Common questions about ID-JAG
Is ID-JAG replacing OAuth?
No. ID-JAG is an OAuth extension, not a replacement. It reuses token exchange and the JWT bearer grant, and it sits on top of the OAuth your apps already run for SSO. What it removes is the per-app consent screen for apps that share an IdP.
What is the difference between ID-JAG and XAA?
ID-JAG is the standard: the grant type and the signed token. Cross-App Access (XAA) is Okta’s implementation and branding of it. Other identity providers can implement ID-JAG and call it something else.
How is ID-JAG different from transaction tokens and workload identity federation?

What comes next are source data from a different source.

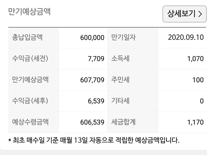 60만 원의 예상 수령금액은 606,539원으로 많지 않아요. 그래도 저축은 습관이니깐요. 이자가 작다고 하면 요즘 넣을 저축이 없어요.
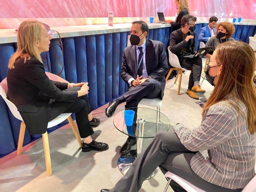 Como parte de su segunda jornada de actividades dentro de esta Cumbre mundial, Vila Dosal se reunió con Jenny Mclnnes, directora de Financiamiento y Cambio Climático para el UK Partnering for Accelerated Climate Transitions (UK PACT), programa financiado por el Gobierno británico para apoyar a países y territorios, en la implementación de acciones que permitan disminuir sus emisiones de carbono, con quien abordó los planes y las oportunidades de colaboración futura.
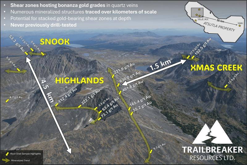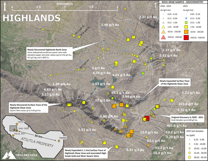 January 8, 2026 TheNewswire - Trailbreaker Resources Ltd. (TBK.V) ("Trailbreaker" or "the Company") is pleased to announce results from its 2025 exploration program at the Atsutla Gold project in northwestern British Columbia (BC). Detailed prospecting and mapping in the Highlands zone area has expanded the known footprint of high-grade gold (Au) showings and led to discovery of new high-grade copper-gold-silver (Cu-Au-Ag) showings on recently acquired claims.
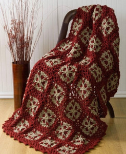 Get into the Christmas spirit with this wonderful Christmas crochet throw. When it comes to crochet afghan patterns, the Christmas Snowflakes Crochet Blanket Pattern is one of the most warm and festive. A rich, Cabernet red is the perfect color to add a little seasonal spice to any room. Better yet, the snowflake motifs will remind you of a winter wonderland! This free crochet pattern will add rustic touch for a perfect country Christmas look.

They secure different parts of an agent’s path, and they stack rather than compete:
| Standard | What it secures | Example |
|---|---|---|
| ID-JAG | A human delegating to an agent that calls another app's API | Claude reaching a user's Asana |
| Transaction tokens | Who is acting for whom as a request crosses internal services | An agent's request fanning out across your own microservices |
| Workload identity federation | A workload getting short-lived credentials instead of a static key | An agent runtime authenticating to its model provider |
Is ID-JAG only for MCP?
No. ID-JAG is a general OAuth grant. MCP’s enterprise-managed authorization is the first high-profile thing built on it, but any OAuth client and app can implement the same flow.
ID-JAG is a real step for the apps already inside your identity provider. Everything else an agent has to reach is still per-provider work, and one standard cannot cover all of it.